Friday, August 26, 2005

Crime and Punishment

Gack. My wife just called. Apparently the younger monkey has been sent home from pre-school today for throwing a train at a girl's noggin and causing a major welt.

This is not good. The last few weeks, in fact, he's been increasingly violent all around. He's kicking and hitting and biting when he doesn't get his way. There's been no sudden change in routine that I can ascertain and yet he's listening less and less. I've always been under the impression that he might be a bit, um, challenged and unfortunately it seems he's heading that way.

When she went to go pick him up, he was seemingly sorry for what he did, (he did something similar yesterday) but I've never seen evidence where he's actively learning from it. Right, I know, he's three and a boy. He doesn't get it yet. They can wake up tomorrow and the universe has reset itself. The only change i can think of is that the Elder Monkey is not around at school anymore. I know that they get away with a lot more rough and tumble around each other than when other kids are around. They are testing their limits and I'm sure those limits are strained in public places.
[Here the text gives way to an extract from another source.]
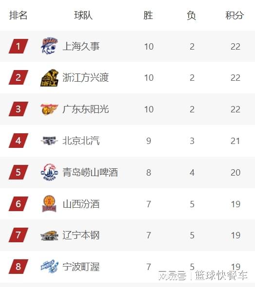 附:CBA积分榜最新排名

I was raised in two different households, one being rooted in Christian fundamental ideas, the other in a more free thinking environment but not without it's own share of discipline. For my dad, it was par for the course to give spankings. I was far more afraid to do wrong in my mom's house where the punishment wasn't as severe. I would get get a seething stare and much less inclination to repeat that action again. I wasn't a problem child at all but still, you know what I'm talking about.

For me there is big debate over whether spankings work. In this monkey's case, am I supposed to teach violence is wrong by using a violent act to do it with? Does that make any sense? Especially in a mind that doesn't even seem to care what punishment is all about? Wouldn't that just instill a tendency that will become much worse as he ages? But then again, he doesn't want to listen until you without a kind of physical involvement.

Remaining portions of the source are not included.